Pacific Overtures (George Takai, center) (Photo: Joan Marcus)

 

 

by Carol Rocamora

 

In case you haven’t noticed (but how could you not?!), there’s a Sondheim festival going on in New York this spring.

 

Three splendid Sondheim revivals have opened recently, offering dramatically different directorial interpretations in strikingly different venues. It’s a cause for renewed celebration of our greatest living American composer and his astonishing oeuvre.

 

Sunday in the Park With George

 

First to open (on Broadway) was Sunday in the Park With George, Sondheim’s magical musical about “the art of making art,” as explored through the creative process of Georges Seurat. This radiant revival with a full onstage orchestra features a charismatic performance by Jake Gyllenhaal as the eccentric pointillist painter. From the moment he takes the stage (“White – a blank page of canvas….”), Gyllenhaal holds us spellbound with his confident singing voice and his intense, riveting gaze. No wonder the delightful Annaleigh Ashford, as his mistress/model Dot, sings: “Your eyes, Georges, I love your eyes….”

 

Directed by Sarna Lapine (whose uncle James wrote the book and directed the 1984 premiere), the show flows with ease and grace.
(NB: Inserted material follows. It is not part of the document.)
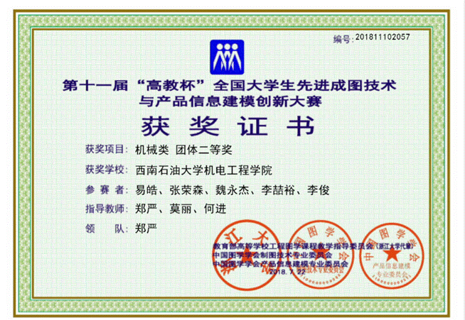 “高教杯”全國大學生先進成圖技術與產品信息建模創新大賽是由教育部高等學校工程圖學課程教學指導委員會、中國圖學學會制圖技術專業委員會、中國圖學學會產品信息建模專業委員會聯合主辦的圖學類課程最高級別的國家級賽事。大賽的目的在于以賽促教,以賽促學,全面提高大學生的圖學素質與技能,為中國制造2025的戰略目標培養大量的優秀人才。該賽事由于規模大、水平高、參賽人數多,被譽為“圖學界的奧林匹克”,受到全國眾多工科類高校的重視與參與。

Thanks to the imaginative Beowulf Boritt (set) and Christopher Ash (projections), “Sunday Afternoon on The Grande Jatte” – Seurat’s masterpiece and Act One’s centerpiece – comes vividly alive.

 

As for the challenging Act Two that takes place generations later in Chicago (with Gyllenhaal as Seurat’s grandson and Ashford as Seurat’s daughter), the creative team provides a stunning finale when the grandson’s spectacular “chromolumes” shower the audience with their phosphorescent glow. “Color and light” – the refrain to Sondheim’s celestial score – aptly describes this luminous production. (now closed)

 

Sweeney Todd

 

As for Sondheim’s “dark side,” his wicked, wonderful Sweeney Todd is getting a riveting revival by Britain’s Tooting Arts Club at the tiny Barrow Theatre. Its interior has been converted into Mrs. Lovett’s infamous pie shop, where 120 “customers” cram into the tiny space, seated on long tables where they can be served fresh pies before the show. Some are also perched in the balcony, where they can gawk at this Gothic story of relentless, remorseless revenge.

 

It’s a stark contrast to Hal Prince’s Broadway production (1979), but this immersive approach works like black magic. The actors fill the entire pie shop, circling around the terror-stricken customers. As the “demon barber of Fleet Street,” Jeremy Secomb stalks the space, seeking his victims with murderous determination. Watch out – he actually jumps on the long tables and gets right “in your face”! Siobhán McCarthy offers a droll and irresistible Mrs. Lovett, his partner-in-crime and would-be paramour. Miraculously, a trio of musicians (piano, violin, clarinet) succeeds in bringing the complex, cacophonous score to vibrant life.

 

The marvel of this site-specific Sweeney Todd, directed with perverse glee by Bill Buckhurst, is that it delivers its moral while taking us for a thrilling ride. “The history of the world, my sweet,” sings Sweeney, “is who gets eaten and who gets to eat.” Bon appetit!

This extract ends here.